» Task goal: Set each entry down verbatim, omitting images.

» Supplied material:
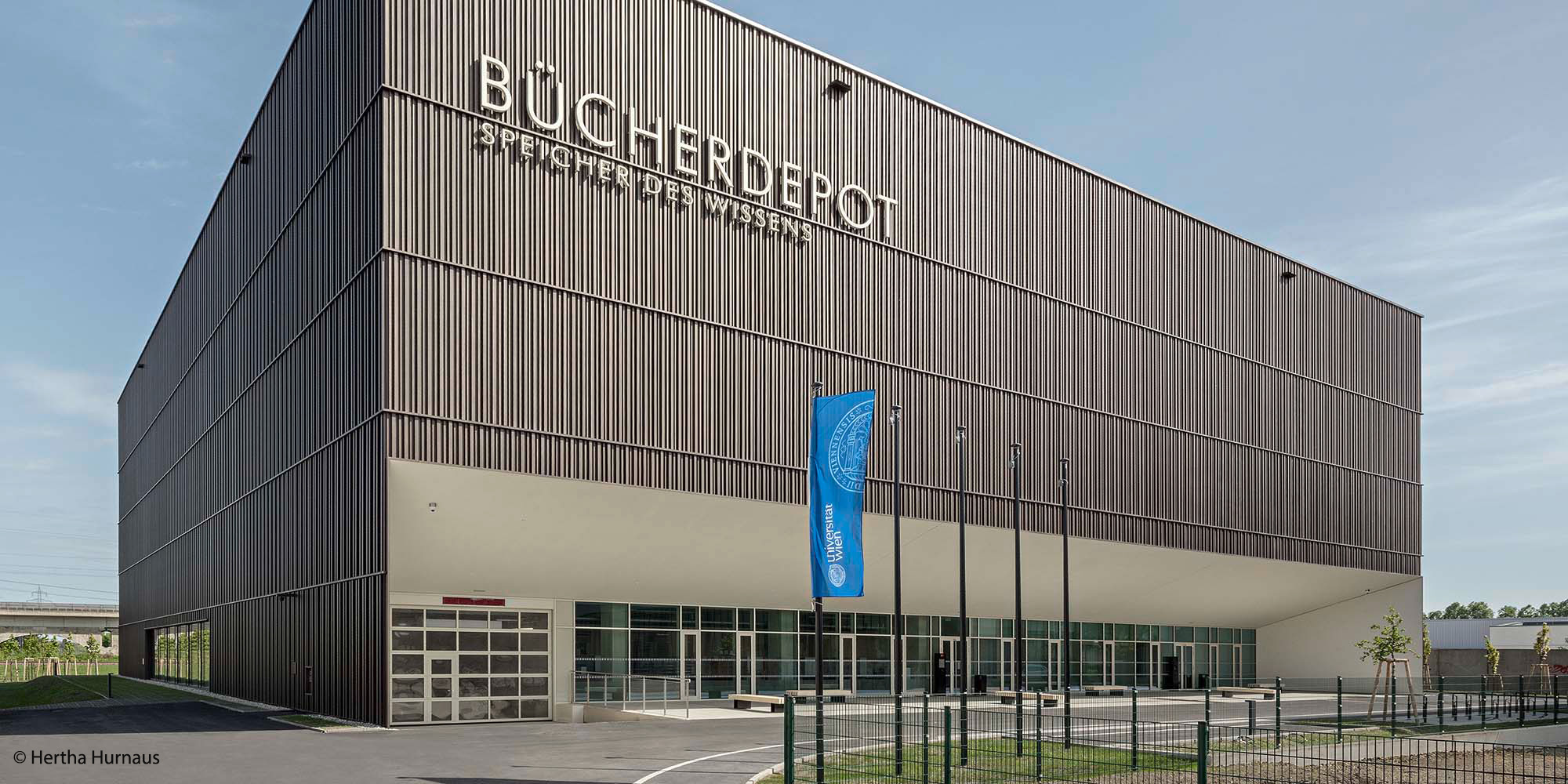 Mehr...Entwurfstext: Das neue Bücherdepot als wichtiges Nutzgebäude und „Lager des Wissens“ für die Stadt Wien wird durch eine einfache Formensprache definiert. Der kubische Baukörper steht als Solitär zentral am Bauplatz und ist in seiner klaren Form identitätsstiftend und Landmark zugleich. Die umlaufende alleeartige Bepflanzung sowie die Fassadenbegrünung des Baukörpers, sind bewusst inszeniert und Teil der städtebaulichen Idee. Dies bettet den Solitär im Umfeld harmonisch ein. Wesentliches architektonische Element ist der über die gesamte Südseite 2 – geschossige vertiefte „Eingangstrichter“. Er stellt eine unverwechselbare Geste der Einladung dar, ermöglicht klare Orientierung und lädt durch eine anregende Vorplatzgestaltung zum Verweilen ein. Ein Ort der Ruhe entsteht.
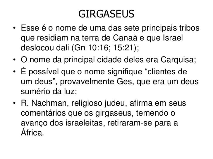 GIRGASEUS• Esse é o nome de uma das sete principais tribos  que residiam na terra de Canaã e que Israel  deslocou dali (Gn...
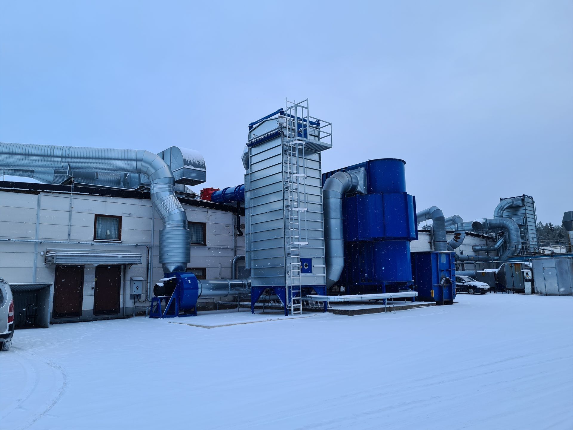 Som det kan ses i baggrunden har vi leveret to andre filteranlæg tidligere for hhv. lakudsugning og spånudsugning, hvor kunden nu fik behov for yderligere kapacitet.
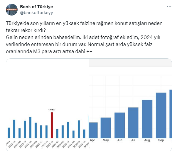 Konut satış rakamlarının yüksek faiz oranlarına rağmen bu kadar artması merak ediliyor. Peki konut satış rakamları neden yükseldi? Bank Of Türkiye sosyal medya hesabı X'ten bunun 2 nedenini açıkladı.
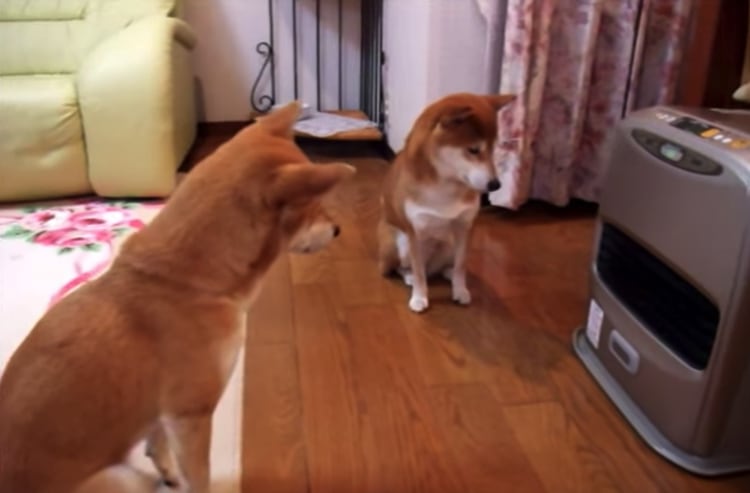 どきどきの2分間!ファンヒーターの点火を待つ柴犬。
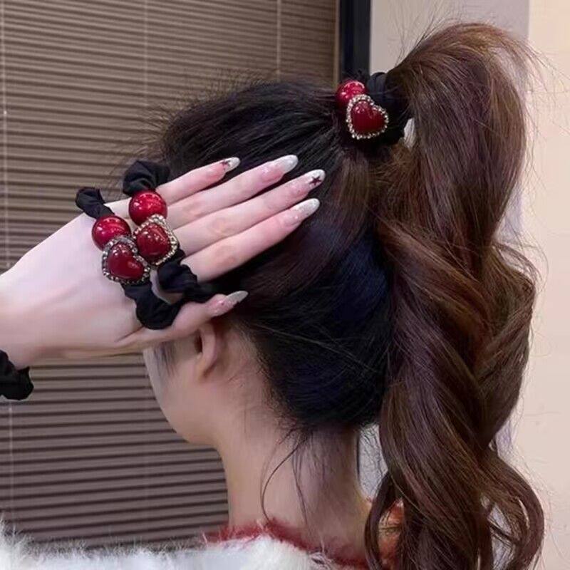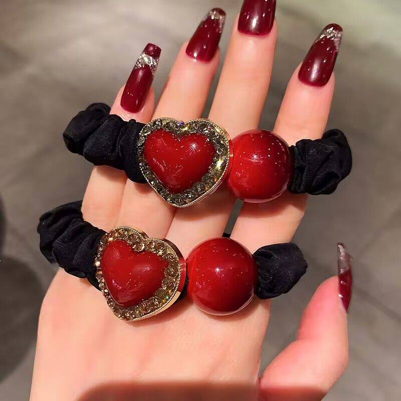 韩版高档红色爱心小肠发圈女网红扎丸子头马尾发绳2026年新款头饰
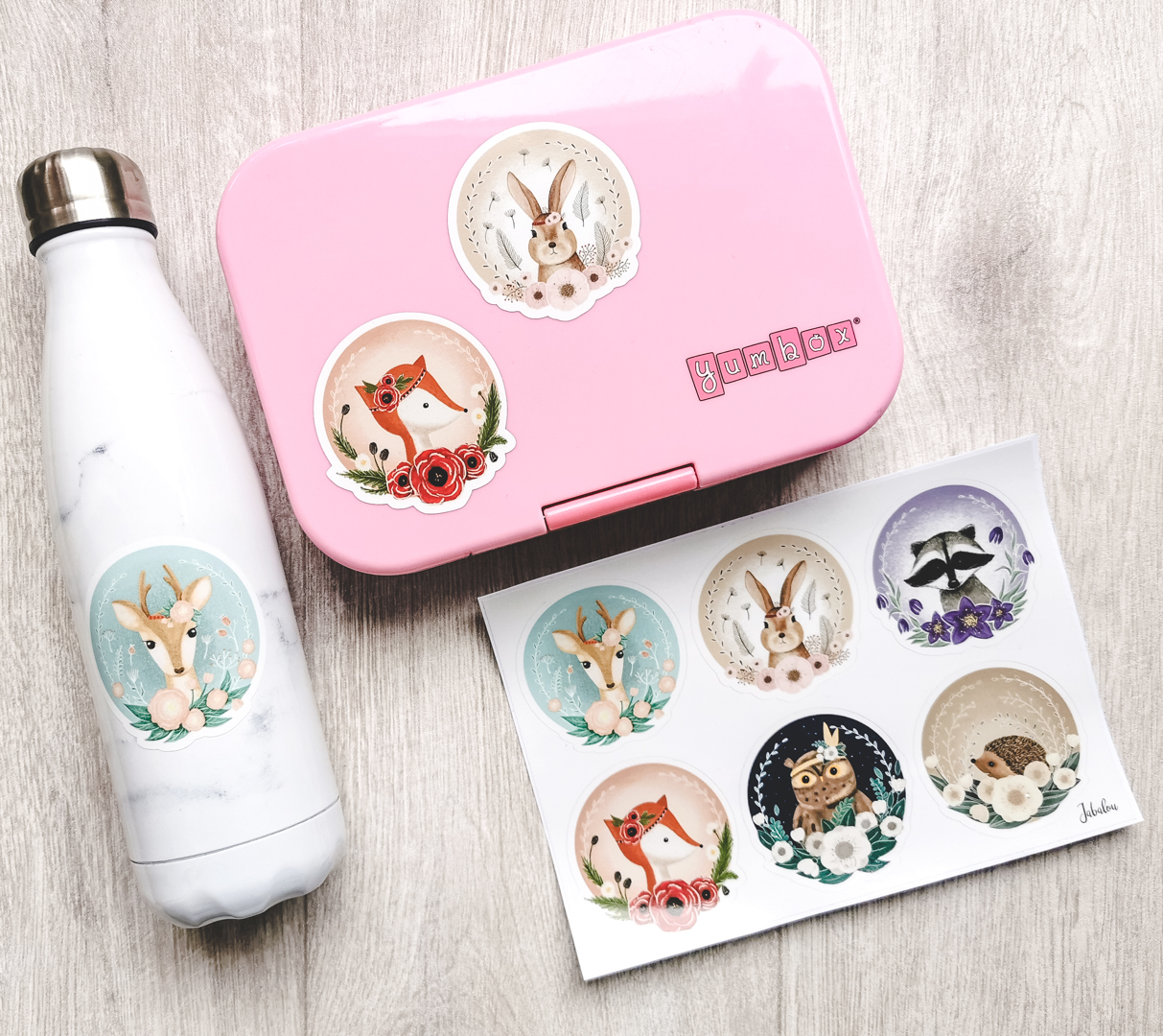 Gør hverdagens ting unikke med Jabalous højkvalitets klistermærker i trendy designs. De er perfekte til at dekorere alt fra madkasser, drikkedunke og byggeklodser til cykelhjelme, møbler og døre. Klistermærkerne tåler opvaskemaskine på glatte overflader* og er både opløsningsmiddelfri, miljøvenlige og lysægte.
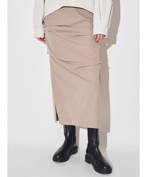 ASYME TUCK I-LINE SK すっきりとしたIラインシルエットのタフタスカート。 サイドでアシンメトリーにタックを取りニュアンスのある見え方に。 タックの効果で体のラインを拾いすぎないのもうれしいポイント。 サイドにベンツがあいており足さばきも〇 デザイン性がありつつもコンパクトなシルエットに仕上げているのでボリュームのあるトップスやアウターと合わせたスタイリングもおすすめ。 ・・・・・・・・・・・・・・・・・・ 透け感:なし 裏地:なし 伸縮性:なし 生地の厚さ:やや薄い洗濯:手洗い可 ・・・・・・・・・・・・・・・・・・【 お買いものにおすすめの便利機能! 】▽商品のお気に入り登録完売カラーの再入荷時や、ラスト1点の時、セール開始時にお知らせします。 ▽ブランドのお気に入り登録新商品や再入荷、セール情報など、いち早くブランドのお得な情報を受け取ることができます。ぜひご活用ください。 ※実際にお届けする商品と仕様やサイズが異なる場合がございます。また生産の都合上、お届け時期が前後する場合がございます。
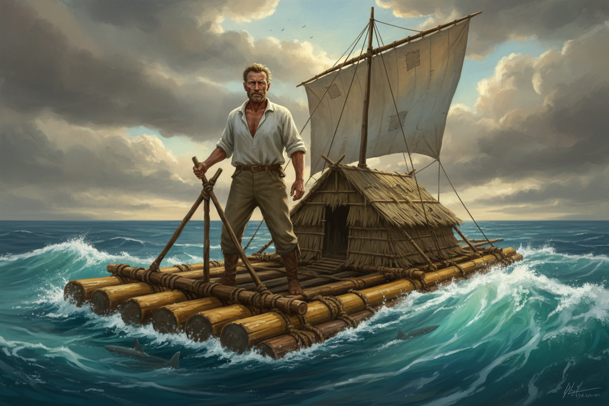 Плот «Кон-Тики» до сих пор стоит в музее Осло. Девять бальсовых брёвен, связанных пеньковым канатом. Без гвоздей, без мотора, без здравого смысла. Но с доказательством того, что невозможное возможно, если достаточно сильно в это верить.

» Your solution:
 Mehr...Entwurfstext: Das neue Bücherdepot als wichtiges Nutzgebäude und „Lager des Wissens“ für die Stadt Wien wird durch eine einfache Formensprache definiert. Der kubische Baukörper steht als Solitär zentral am Bauplatz und ist in seiner klaren Form identitätsstiftend und Landmark zugleich. Die umlaufende alleeartige Bepflanzung sowie die Fassadenbegrünung des Baukörpers, sind bewusst inszeniert und Teil der städtebaulichen Idee. Dies bettet den Solitär im Umfeld harmonisch ein. Wesentliches architektonische Element ist der über die gesamte Südseite 2 – geschossige vertiefte „Eingangstrichter“. Er stellt eine unverwechselbare Geste der Einladung dar, ermöglicht klare Orientierung und lädt durch eine anregende Vorplatzgestaltung zum Verweilen ein. Ein Ort der Ruhe entsteht.
 GIRGASEUS• Esse é o nome de uma das sete principais tribos  que residiam na terra de Canaã e que Israel  deslocou dali (Gn...
 Som det kan ses i baggrunden har vi leveret to andre filteranlæg tidligere for hhv. lakudsugning og spånudsugning, hvor kunden nu fik behov for yderligere kapacitet.
 Konut satış rakamlarının yüksek faiz oranlarına rağmen bu kadar artması merak ediliyor. Peki konut satış rakamları neden yükseldi? Bank Of Türkiye sosyal medya hesabı X'ten bunun 2 nedenini açıkladı.
 どきどきの2分間!ファンヒーターの点火を待つ柴犬。
 韩版高档红色爱心小肠发圈女网红扎丸子头马尾发绳2026年新款头饰
 Gør hverdagens ting unikke med Jabalous højkvalitets klistermærker i trendy designs. De er perfekte til at dekorere alt fra madkasser, drikkedunke og byggeklodser til cykelhjelme, møbler og døre. Klistermærkerne tåler opvaskemaskine på glatte overflader* og er både opløsningsmiddelfri, miljøvenlige og lysægte.
 ASYME TUCK I-LINE SK すっきりとしたIラインシルエットのタフタスカート。 サイドでアシンメトリーにタックを取りニュアンスのある見え方に。 タックの効果で体のラインを拾いすぎないのもうれしいポイント。 サイドにベンツがあいており足さばきも〇 デザイン性がありつつもコンパクトなシルエットに仕上げているのでボリュームのあるトップスやアウターと合わせたスタイリングもおすすめ。 ・・・・・・・・・・・・・・・・・・ 透け感:なし 裏地:なし 伸縮性:なし 生地の厚さ:やや薄い洗濯:手洗い可 ・・・・・・・・・・・・・・・・・・【 お買いものにおすすめの便利機能! 】▽商品のお気に入り登録完売カラーの再入荷時や、ラスト1点の時、セール開始時にお知らせします。 ▽ブランドのお気に入り登録新商品や再入荷、セール情報など、いち早くブランドのお得な情報を受け取ることができます。ぜひご活用ください。 ※実際にお届けする商品と仕様やサイズが異なる場合がございます。また生産の都合上、お届け時期が前後する場合がございます。
 Плот «Кон-Тики» до сих пор стоит в музее Осло. Девять бальсовых брёвен, связанных пеньковым канатом. Без гвоздей, без мотора, без здравого смысла. Но с доказательством того, что невозможное возможно, если достаточно сильно в это верить.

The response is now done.